YOUR TASK – Set down the listing exactly as given, minus images.
*** COLLECTED MATERIAL Section Begins ***
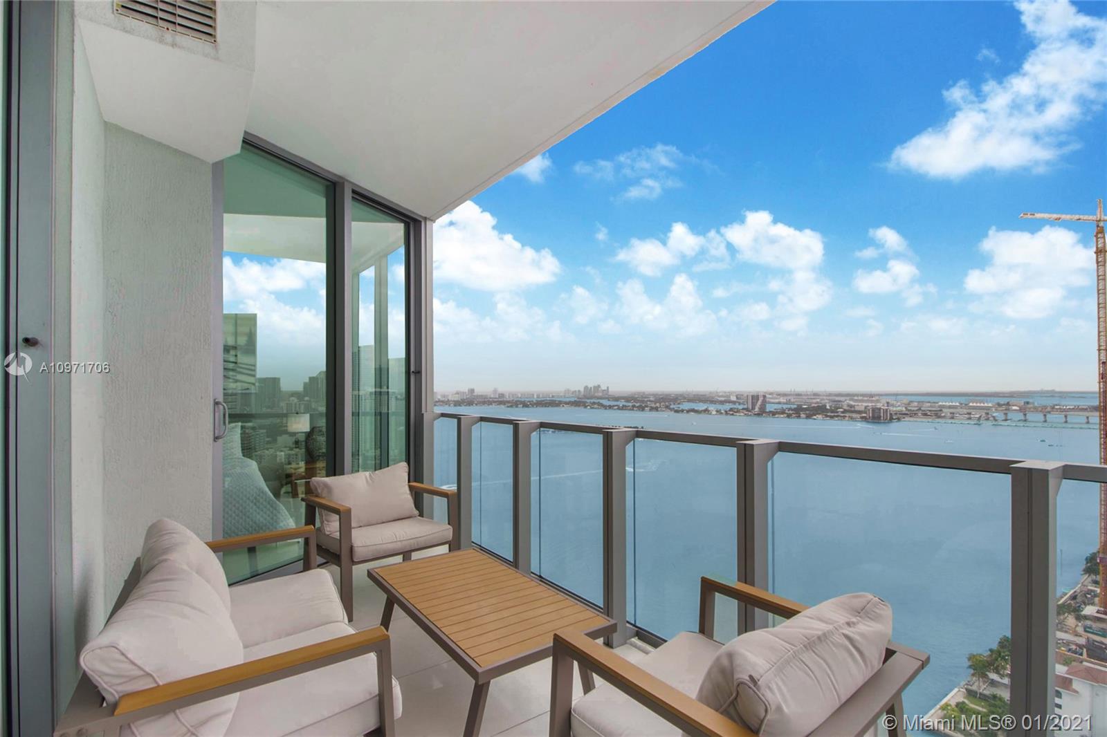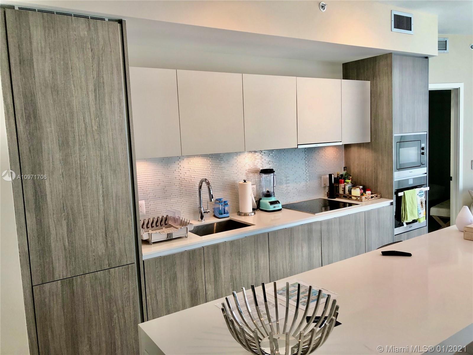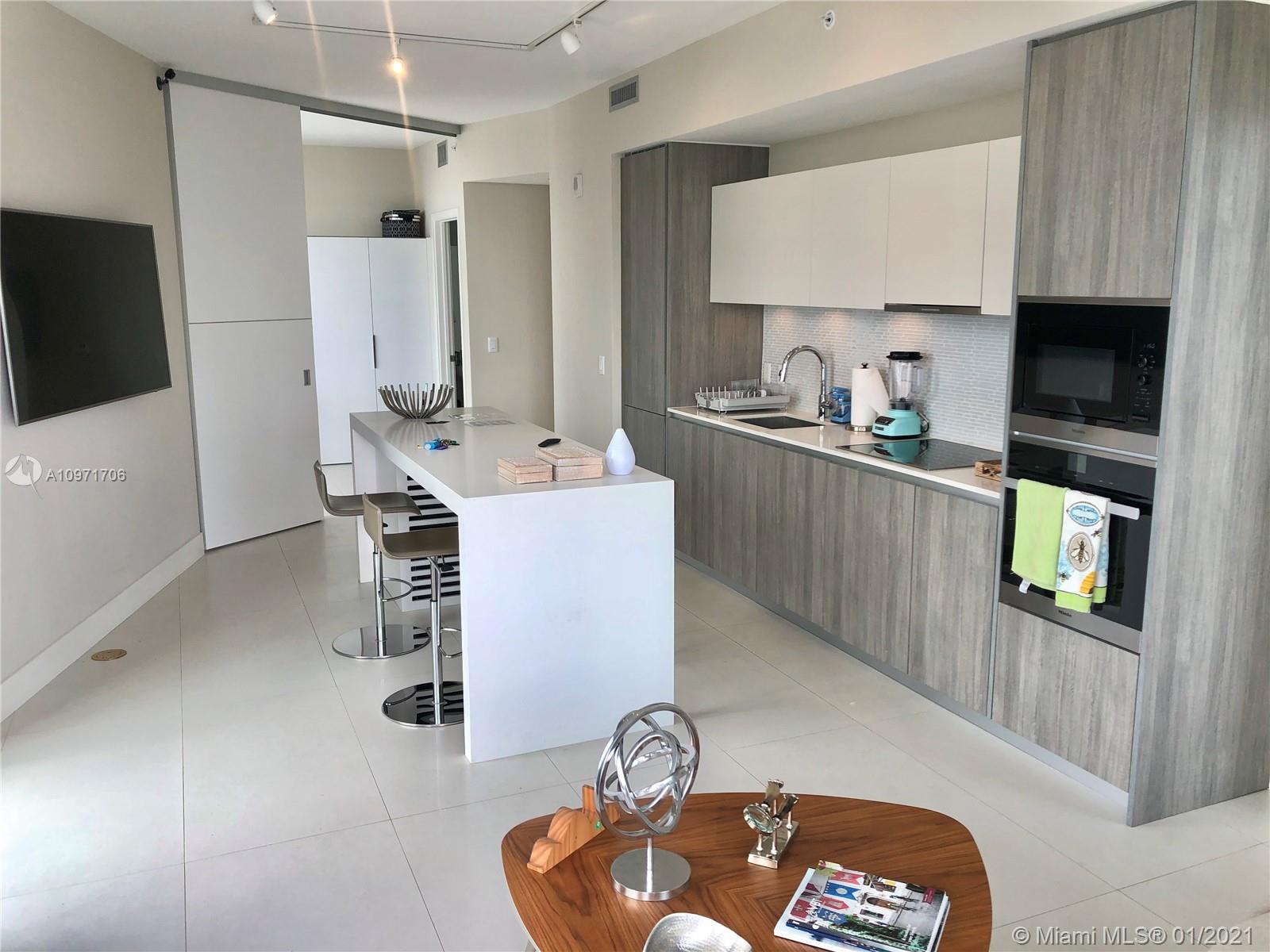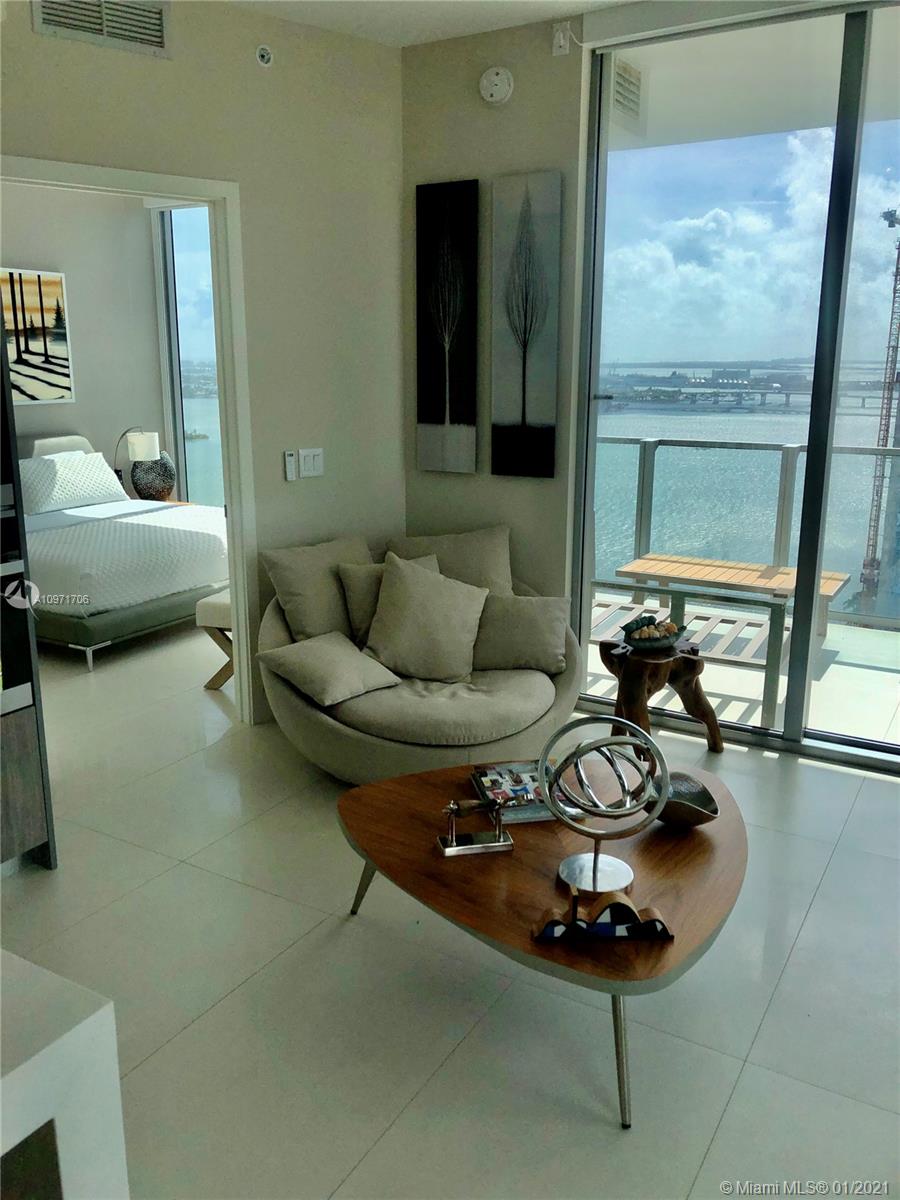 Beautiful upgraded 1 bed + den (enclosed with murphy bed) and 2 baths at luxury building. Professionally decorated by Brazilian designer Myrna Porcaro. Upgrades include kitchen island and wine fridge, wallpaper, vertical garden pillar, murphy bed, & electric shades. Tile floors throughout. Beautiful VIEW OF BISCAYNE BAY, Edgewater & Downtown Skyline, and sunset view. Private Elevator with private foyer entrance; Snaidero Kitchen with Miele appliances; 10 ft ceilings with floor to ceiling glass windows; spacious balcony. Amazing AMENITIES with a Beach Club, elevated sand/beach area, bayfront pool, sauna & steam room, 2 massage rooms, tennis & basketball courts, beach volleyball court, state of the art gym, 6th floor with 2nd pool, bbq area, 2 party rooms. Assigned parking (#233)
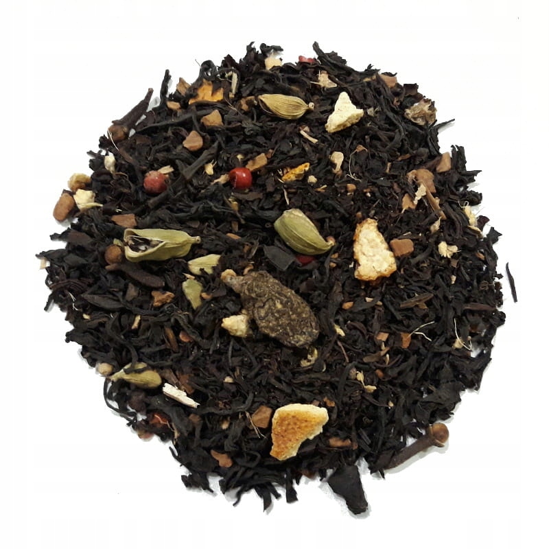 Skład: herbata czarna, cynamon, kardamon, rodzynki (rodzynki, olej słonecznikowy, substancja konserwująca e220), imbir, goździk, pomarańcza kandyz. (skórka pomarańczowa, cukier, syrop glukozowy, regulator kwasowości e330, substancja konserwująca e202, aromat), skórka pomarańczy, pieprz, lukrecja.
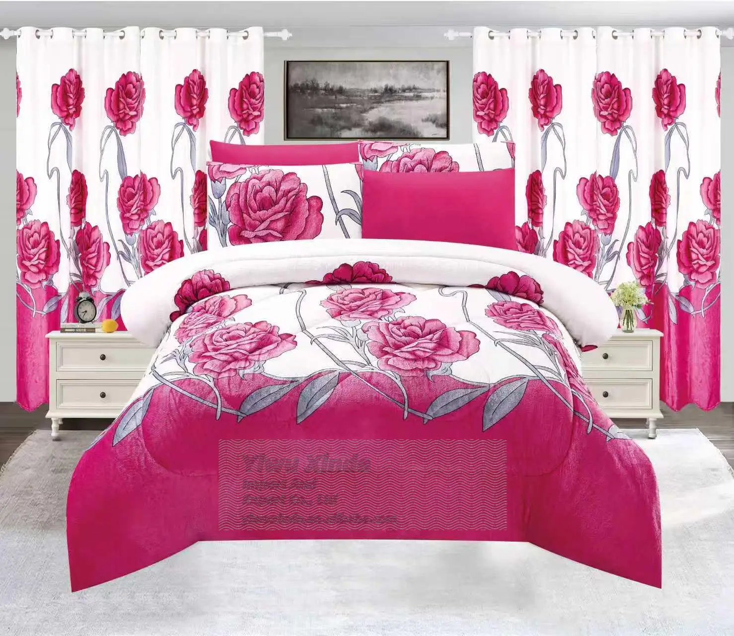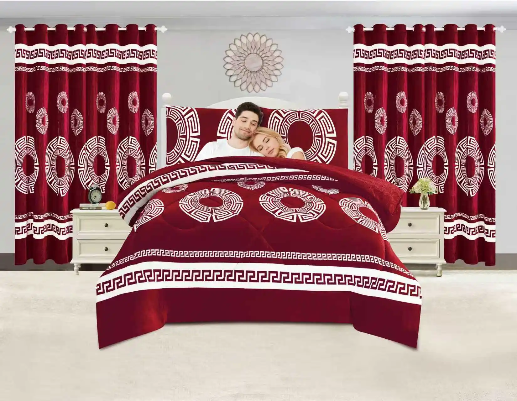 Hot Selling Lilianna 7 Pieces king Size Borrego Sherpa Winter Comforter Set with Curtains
*** COLLECTED MATERIAL Section Ends ***
EXERCISE OUTPUT –
 Beautiful upgraded 1 bed + den (enclosed with murphy bed) and 2 baths at luxury building. Professionally decorated by Brazilian designer Myrna Porcaro. Upgrades include kitchen island and wine fridge, wallpaper, vertical garden pillar, murphy bed, & electric shades. Tile floors throughout. Beautiful VIEW OF BISCAYNE BAY, Edgewater & Downtown Skyline, and sunset view. Private Elevator with private foyer entrance; Snaidero Kitchen with Miele appliances; 10 ft ceilings with floor to ceiling glass windows; spacious balcony. Amazing AMENITIES with a Beach Club, elevated sand/beach area, bayfront pool, sauna & steam room, 2 massage rooms, tennis & basketball courts, beach volleyball court, state of the art gym, 6th floor with 2nd pool, bbq area, 2 party rooms. Assigned parking (#233)
 Skład: herbata czarna, cynamon, kardamon, rodzynki (rodzynki, olej słonecznikowy, substancja konserwująca e220), imbir, goździk, pomarańcza kandyz. (skórka pomarańczowa, cukier, syrop glukozowy, regulator kwasowości e330, substancja konserwująca e202, aromat), skórka pomarańczy, pieprz, lukrecja.
 Hot Selling Lilianna 7 Pieces king Size Borrego Sherpa Winter Comforter Set with Curtains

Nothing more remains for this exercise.